Steve Chapman in the Chicago Trib:

Not long ago, Barack Obama was pilloried for being too activist, too meddlesome and too inclined to see himself as the messiah. He was forcing health care reform down our throats, running General Motors, wrecking the financial system and promising to make the oceans recede.

But that was a different guy, from a parallel universe. The President Obama we all know is a passive, detached do-nothing. Or so we have been hearing since the BP oil spill gained our attention.

Louisiana Gov.
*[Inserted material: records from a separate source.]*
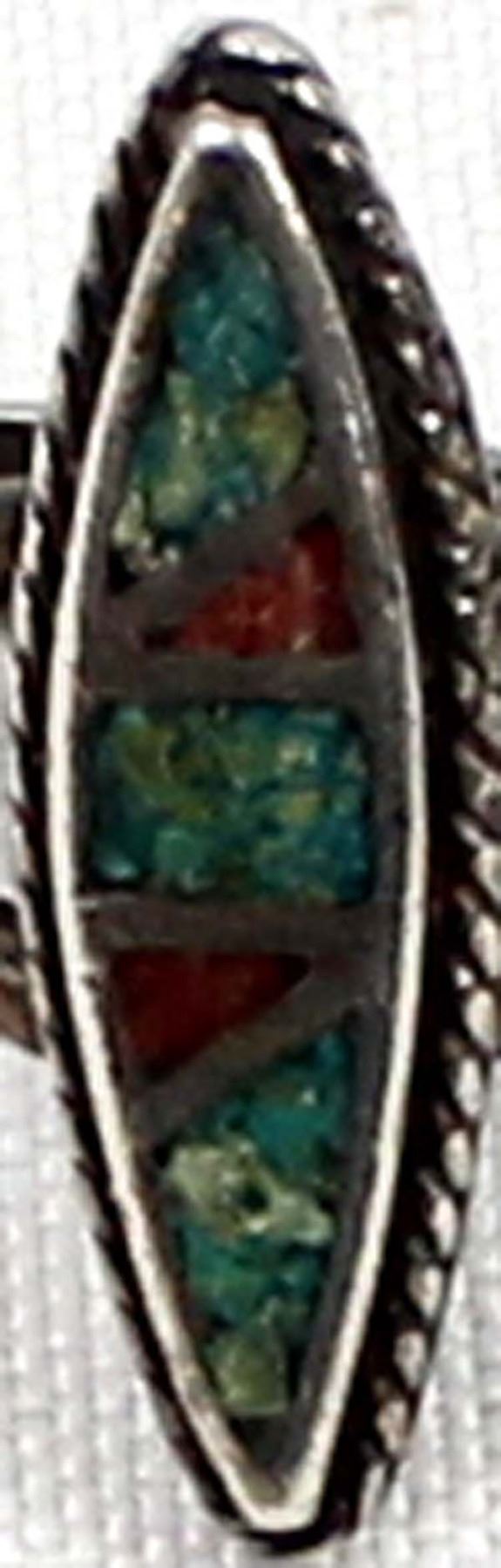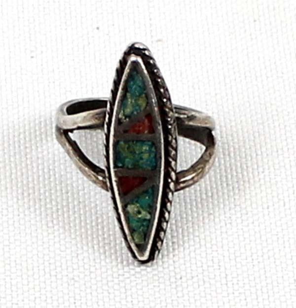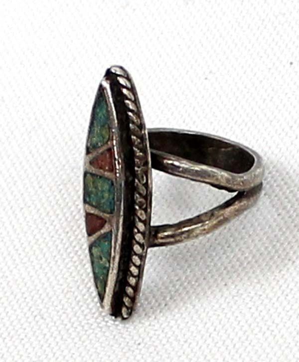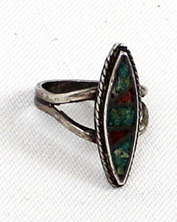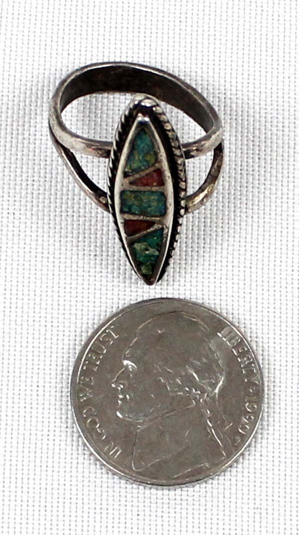 Native American Navajo Old Pawn Sterling Turquoise & Coral Chip Inlay Ring, Size 4.5, measures 4.5''
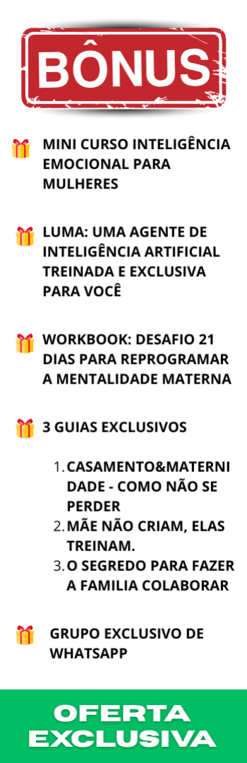 Em apenas 3 semanas, com aulas curtas e práticas, você vai aprender como se libertar da culpa materna, se reencontrar como mulher e viver uma maternidade mais leve, verdadeira e equilibrada — sem precisar se anular, sem abandonar seus filhos e sem carregar o peso da perfeição.
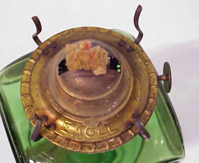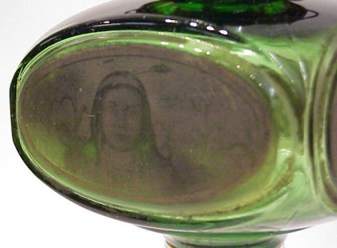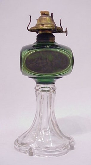 EARLY GREEN GLASS OIL LAMP WITH PORTRAIT PANELS: Green glass on a clear stem. Each of the four sides has a portrait of a historically significant woman. 16 1/2''h. including chimney.
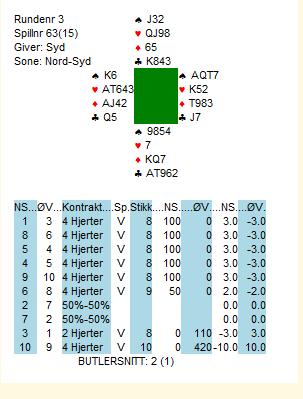 I 2. runde av helgens batalje satt Petter (N) og Tommy (S) mot Vestnesingene Torbjørn Amdam (V) og Gunnar Ødegård (Ø). Tommy i syd åpnet i 1 spar til pass og 3 kl hos makker som viser 7-9 hfp og 4+ spar. Gunnar Ødegård i Øst valgte nå å doble denne meldingen. Det er kanskje bedre å melde inn 4 kløver direkte på disse kortene, men er avtalene på plass går det vel å doble også....
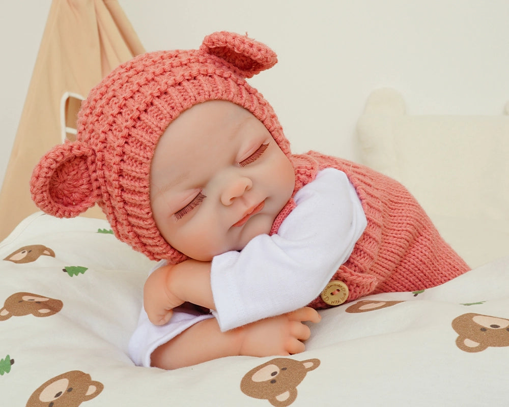 Drifting in the sweetest dreams, Poppy is dressed in adorable pink knitted overalls and a matching bear-eared hat, snuggled close with her tiny teddy bear. Her serene sleeping face, gentle pose, and delicate details capture the pure innocence of baby slumber, ready to fill your arms with quiet affection and warmth.

Bobby Jindal, a Republican who once denounced Democrats for scheming to “increase dependence on government,” now demands that Washington do more for his state.

Former GOP House Speaker Newt Gingrich, who recently urged Congress to zero out the Environmental Protection Agency, challenges the administration to “save the Louisiana coast, save the fisheries, save the wetlands.”

Funny how nobody said that at the 2008 Republican National Convention, where the chant was “drill, baby, drill.” Back then, real men didn’t protect sea turtles.

Read the whole thing.

Afterthought:

If President Obama were to raise high his staff, part the waters of the Potomac River, and lead us all to the land of milk and honey, Republicans would find fault.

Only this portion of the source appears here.